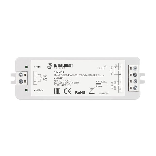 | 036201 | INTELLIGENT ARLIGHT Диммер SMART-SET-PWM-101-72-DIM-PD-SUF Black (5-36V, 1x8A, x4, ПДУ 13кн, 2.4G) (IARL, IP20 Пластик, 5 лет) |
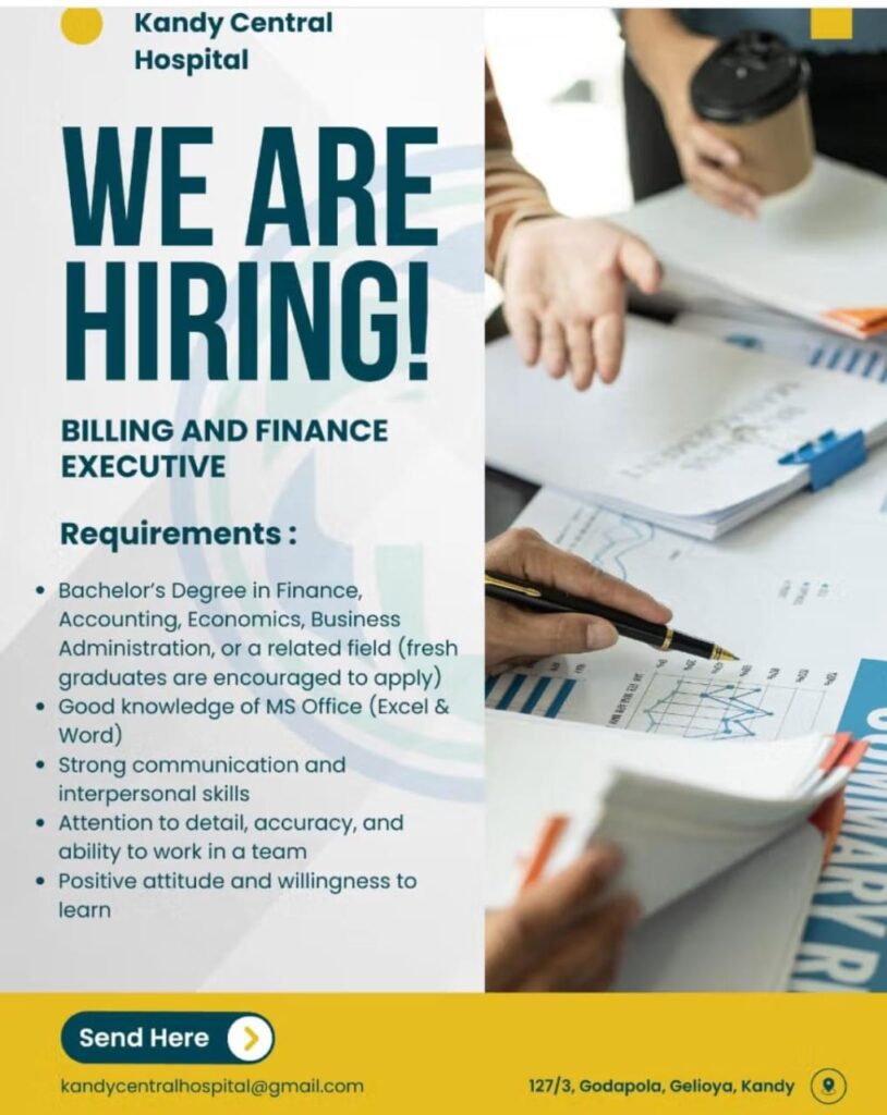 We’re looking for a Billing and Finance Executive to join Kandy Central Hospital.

○ ○ ○ ○ ○ ○ ○

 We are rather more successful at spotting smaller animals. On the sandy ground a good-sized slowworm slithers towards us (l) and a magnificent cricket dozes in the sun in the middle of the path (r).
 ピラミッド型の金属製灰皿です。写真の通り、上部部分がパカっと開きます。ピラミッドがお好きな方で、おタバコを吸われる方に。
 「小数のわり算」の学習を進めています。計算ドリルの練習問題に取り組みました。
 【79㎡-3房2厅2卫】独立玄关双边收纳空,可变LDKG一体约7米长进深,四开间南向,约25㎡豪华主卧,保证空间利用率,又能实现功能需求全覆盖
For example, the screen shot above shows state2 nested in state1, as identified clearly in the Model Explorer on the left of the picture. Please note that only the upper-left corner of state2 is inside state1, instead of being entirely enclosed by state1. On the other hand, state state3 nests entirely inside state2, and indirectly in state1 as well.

○ ○ ○ ○ ○ ○ ○

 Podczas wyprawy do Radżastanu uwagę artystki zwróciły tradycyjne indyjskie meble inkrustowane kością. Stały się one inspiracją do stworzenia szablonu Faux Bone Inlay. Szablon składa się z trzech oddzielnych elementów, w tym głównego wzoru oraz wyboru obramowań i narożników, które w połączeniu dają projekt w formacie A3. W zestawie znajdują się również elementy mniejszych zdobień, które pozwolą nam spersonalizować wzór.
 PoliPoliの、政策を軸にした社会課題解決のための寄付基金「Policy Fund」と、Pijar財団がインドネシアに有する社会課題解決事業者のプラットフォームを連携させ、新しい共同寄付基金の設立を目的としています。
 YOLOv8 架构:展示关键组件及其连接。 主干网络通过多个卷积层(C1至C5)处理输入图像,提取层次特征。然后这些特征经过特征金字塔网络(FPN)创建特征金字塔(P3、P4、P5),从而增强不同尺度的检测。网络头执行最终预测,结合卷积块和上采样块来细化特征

○ ○ ○ ○ ○ ○ ○

Assignment -
Using the entries above, give again exactly the lines from the line holding "Podczas wyprawy do" through the line holding "PoliPoliの、政策を軸". Include both end lines and nothing else.

Answer to the exercise -
 Podczas wyprawy do Radżastanu uwagę artystki zwróciły tradycyjne indyjskie meble inkrustowane kością. Stały się one inspiracją do stworzenia szablonu Faux Bone Inlay. Szablon składa się z trzech oddzielnych elementów, w tym głównego wzoru oraz wyboru obramowań i narożników, które w połączeniu dają projekt w formacie A3. W zestawie znajdują się również elementy mniejszych zdobień, które pozwolą nam spersonalizować wzór.
 PoliPoliの、政策を軸にした社会課題解決のための寄付基金「Policy Fund」と、Pijar財団がインドネシアに有する社会課題解決事業者のプラットフォームを連携させ、新しい共同寄付基金の設立を目的としています。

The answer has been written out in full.